__TASK REQUIREMENTS__
Retype word for word the first line of the listing and each line after it up to the line with "Unmanned Aerial Vehicles", with the pictures taken out.

__EXERCISE DATA__
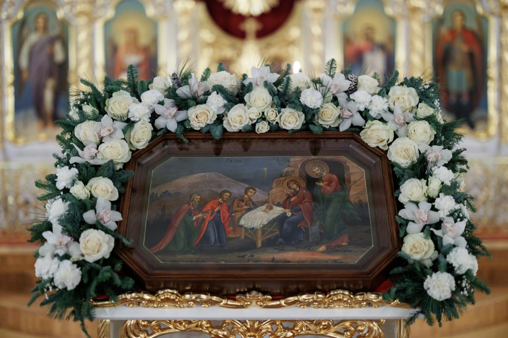 Всех гостей собора, и особенно детей, порадовал традиционный Рождественский вертеп, установленный у храма. 6-7 января в вертепе у собора находятся животные — ослики и овечки. Вертеп — это изображение Вифлеемской пещеры с фигурами Богомладенца в яслях, святого праведного семейства и поклоняющихся Родившемуся Спасителю волхвов или пастухов. Частью иконографии Рождества стали и домашние животные, которые, по преданию, согревали Младенца своим дыханием.
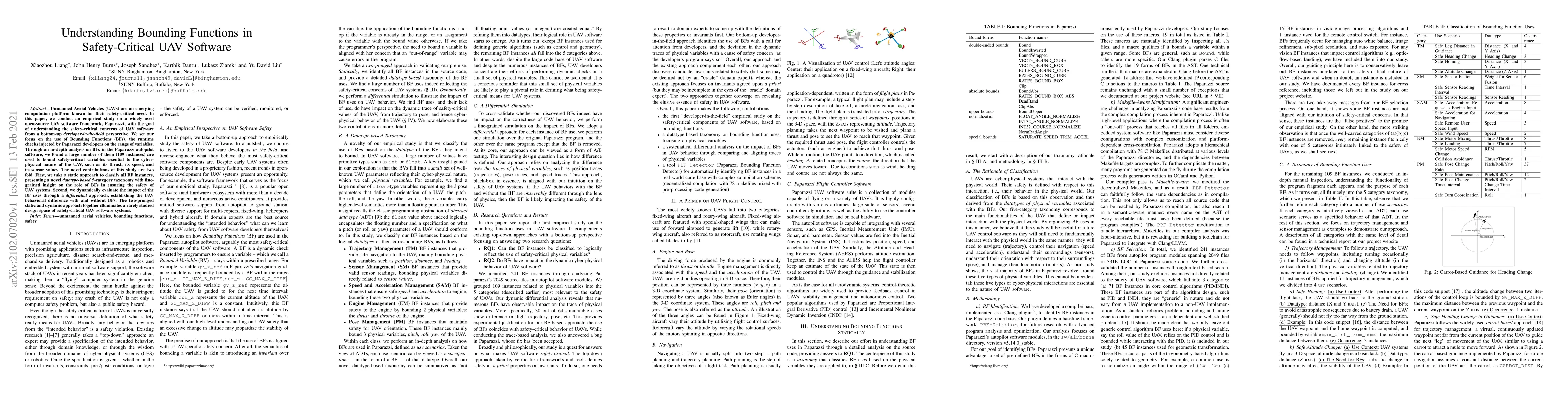 Unmanned Aerial Vehicles (UAVs) are an emerging computation platform known for their safety-critical need. In this paper, we conduct an empirical study on a widely used open-source UAV software framework, Paparazzi, with the goal of understanding the safety-critical concerns of UAV software from a bottom-up developer-in-the-field perspective. We set our focus on the use of Bounding Functions (BFs), the runtime checks injected by Paparazzi developers on the range of variables. Through an in-depth analysis on BFs in the Paparazzi autopilot software, we found a large number of them (109 instances) are used to bound safety-critical variables essential to the cyber-physical nature of the UAV, such as its thrust, its speed, and its sensor values. The novel contributions of this study are two fold. First, we take a static approach to classify all BF instances, presenting a novel datatype-based 5-category taxonomy with fine-grained insight on the role of BFs in ensuring the safety of UAV systems. Second, we dynamically evaluate the impact of the BF uses through a differential approach, establishing the UAV behavioral difference with and without BFs. The two-pronged static and dynamic approach together illuminates a rarely studied design space of safety-critical UAV software systems.
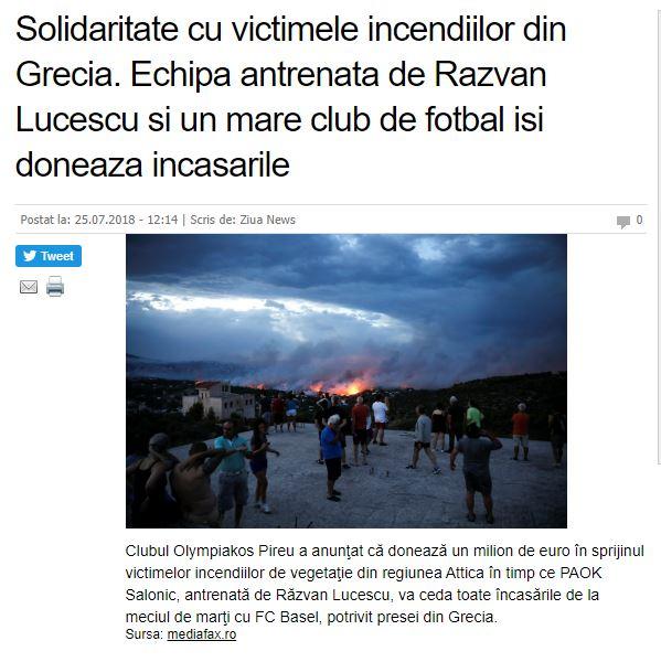 Επίσης ιδιαίτερη αναφορά για την προσφορά του Βαγγέλη Μαρινάκη γίνεται και από την ιστοσελίδα ziuanews.ro, η οποία επισημαίνει ότι ο Ολυμπιακός θα δώσει ένα εκατ. ευρώ για την ενίσχυση των πληγέντων ενώ γίνεται αναφορά και στην απόφαση της διοίκησης του ΠΑΟΚ, να προσφέρει τις εισπράξεις από τον χθεσινό αγώνα με την Βασιλεία, για τον ίδιο σκοπό.

__RESPONSE FOR THIS EXERCISE__
 Всех гостей собора, и особенно детей, порадовал традиционный Рождественский вертеп, установленный у храма. 6-7 января в вертепе у собора находятся животные — ослики и овечки. Вертеп — это изображение Вифлеемской пещеры с фигурами Богомладенца в яслях, святого праведного семейства и поклоняющихся Родившемуся Спасителю волхвов или пастухов. Частью иконографии Рождества стали и домашние животные, которые, по преданию, согревали Младенца своим дыханием.
 Unmanned Aerial Vehicles (UAVs) are an emerging computation platform known for their safety-critical need. In this paper, we conduct an empirical study on a widely used open-source UAV software framework, Paparazzi, with the goal of understanding the safety-critical concerns of UAV software from a bottom-up developer-in-the-field perspective. We set our focus on the use of Bounding Functions (BFs), the runtime checks injected by Paparazzi developers on the range of variables. Through an in-depth analysis on BFs in the Paparazzi autopilot software, we found a large number of them (109 instances) are used to bound safety-critical variables essential to the cyber-physical nature of the UAV, such as its thrust, its speed, and its sensor values. The novel contributions of this study are two fold. First, we take a static approach to classify all BF instances, presenting a novel datatype-based 5-category taxonomy with fine-grained insight on the role of BFs in ensuring the safety of UAV systems. Second, we dynamically evaluate the impact of the BF uses through a differential approach, establishing the UAV behavioral difference with and without BFs. The two-pronged static and dynamic approach together illuminates a rarely studied design space of safety-critical UAV software systems.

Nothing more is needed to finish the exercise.